Fill out this brief survey form with some information about the vernal pool and the species present. If it’s not on your land or publicly-owned land, try to get the landowner’s explicit permission as well. We’ll take that information and put it into VPAtlas and make it official!

For more details and instructions, check out our guide at the Vermont Atlas of Life.

VCE Emeritus Conservation Biologist Steve Faccio shows amphibian eggs to a group of field trip participants. Photo by Alyssa Fishman

What to Do If You Have a Vernal Pool on Your Land

To effectively conserve a vernal pool, you should consider the full lifecycle of its amphibians. Though preserving the basin is of utmost importance, it’s also important to conserve the surrounding “life zone”—the area surrounding a vernal pool that amphibians disperse to after breeding, and where they spend 95% or more of their life.
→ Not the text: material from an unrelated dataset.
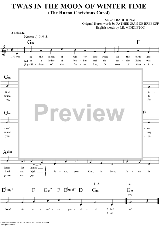 Digital Sheet Music for Twas in the Moon of Winter Time (The Huron Christmas Carol) by J. E. Middleton, Traditional scored for Lead Sheet; id:262215

While the legal buffer distance for development is only 50 feet for class 2 wetlands, which include vernal pools, the recommended minimum life zone is 400 feet surrounding the basin. Research done in Woodstock’s Marsh-Billings-Rockefeller National Historical Park by Conservation Biologist Emeritus Steve Faccio estimated that a life zone of 575 feet would encompass 95% of a pool’s salamander breeding population; however, more recent studies have estimated the protected area should be even larger.

The good news is that—if there are enough of them—you should still be able to hear the Wood Frogs in the pool from a porch located 600 feet away.

Kevin Tolan is a staff biologist at the Vermont Center for Ecostudies.